Подтвердить что ты не робот

Почему QuickSort использует O (log (n)) дополнительное пространство?

Я реализовал ниже алгоритм быстрой сортировки. Интернет Я читал, что у него есть потребность в пространстве O (log (n)). Почему это так? Я не создаю никаких дополнительных структур данных.

Это потому, что моя рекурсия будет использовать дополнительное пространство в стеке? Если это так, возможно ли это сделать с меньшим объемом памяти, не имея его рекурсивного (вместо этого сделать его итеративным)?

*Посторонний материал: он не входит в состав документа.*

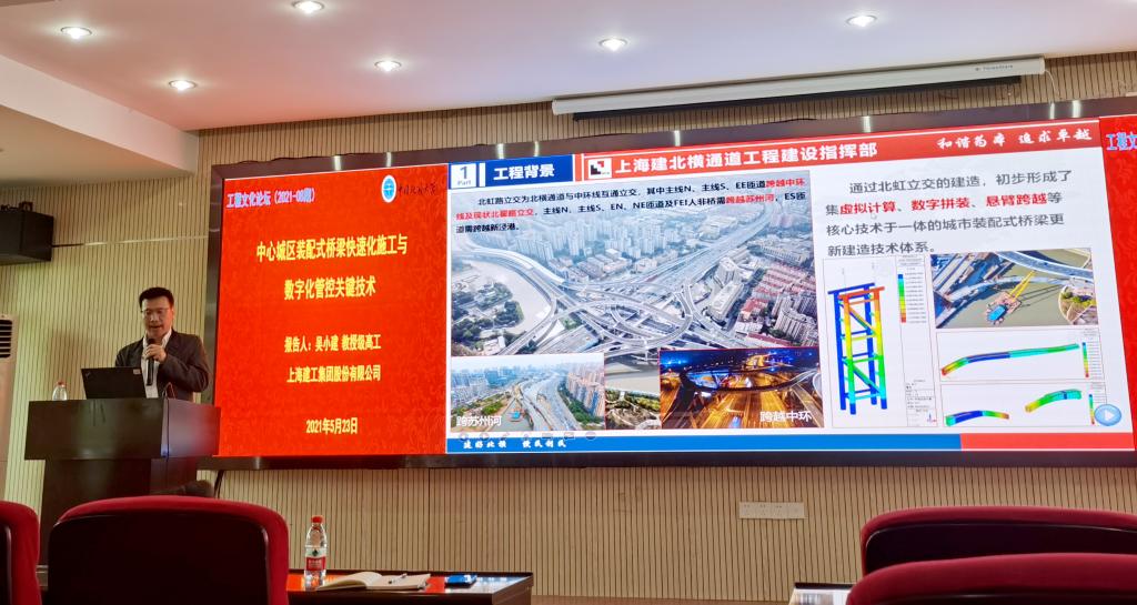 吴小建教高聚焦城市核心区施工面临的环境复杂、施工空间狭小、交通繁忙、建筑林立、管线密布和社会舆论影响大等重大难题,提出了中心城区转配式桥梁快速化施工和数字管控关键技术,介绍了城市核心区高架桥梁建设中全预制装配施工的新理念、既有桥梁结构全地形车整梁快速运移和拆除的新技术、适宜于狭小空间作业自行式大跨悬臂桥面吊装的新装备、“分段拼装、整体运移、整跨就位”的新工艺和集中化、数字化、智慧化、多层级综合管理的新决策平台。吴小建教高通过大量的视频案例全方位地展示了桥梁快速化施工和数字管控技术在上海核心城区的应用情况。会后,吴小建教高与参会师生进行了互动交流,现场气氛热烈。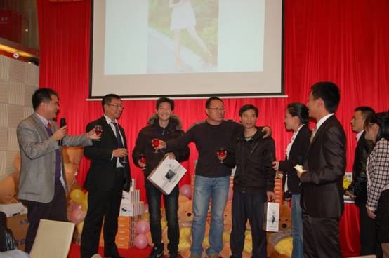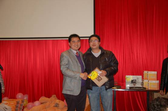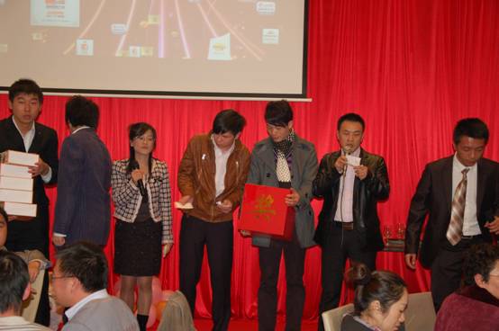 晚宴現場還同時進行了抽獎活動,獎品尤其豐厚,總部產品事業部趙愛軍經理。賈慶楓經理上臺抽取四個特別獎,并為獲獎者頒發獎品;

private static void quickSort (int[] array, int left, int right) {
    int index = partition(array, left, right);

    //Sort left half
    if (left < index - 1)
        quickSort(array, left, index - 1);

    //Sort right half
    if (index < right)
        quickSort(array, index , right);
}

private static int partition (int array[], int left, int right) {
    int pivot = array[(left + right) / 2]; //Pick pivot point
    while (left <= right) {
        //Find element on left that should be on right
        while (array[left] < pivot)
            left++;

        //Find element on right that should be on left
        while (array[right] > pivot)
            right--;

        //Swap elements and move left and right indices
        if (left <= right) {
            int temp = array[left];
            array[left] = array[right];
            array[right] = temp;
            left++;
            right--;
        }
    }
    return left;
}
4b9b3361

Ответ 1

Исправить, дополнительное пространство - это фреймы кадров журнала (n). Из статьи Википедии Quicksort:

Существует более сложная версия, в которой используется отдельный раздел алгоритм и может достичь полной сортировки с использованием пространства O (log n) (не подсчет ввода) в среднем (для стека вызовов).

Кроме того, я думаю, что сделать его итеративным невозможно, потому что это не хвост рекурсивный.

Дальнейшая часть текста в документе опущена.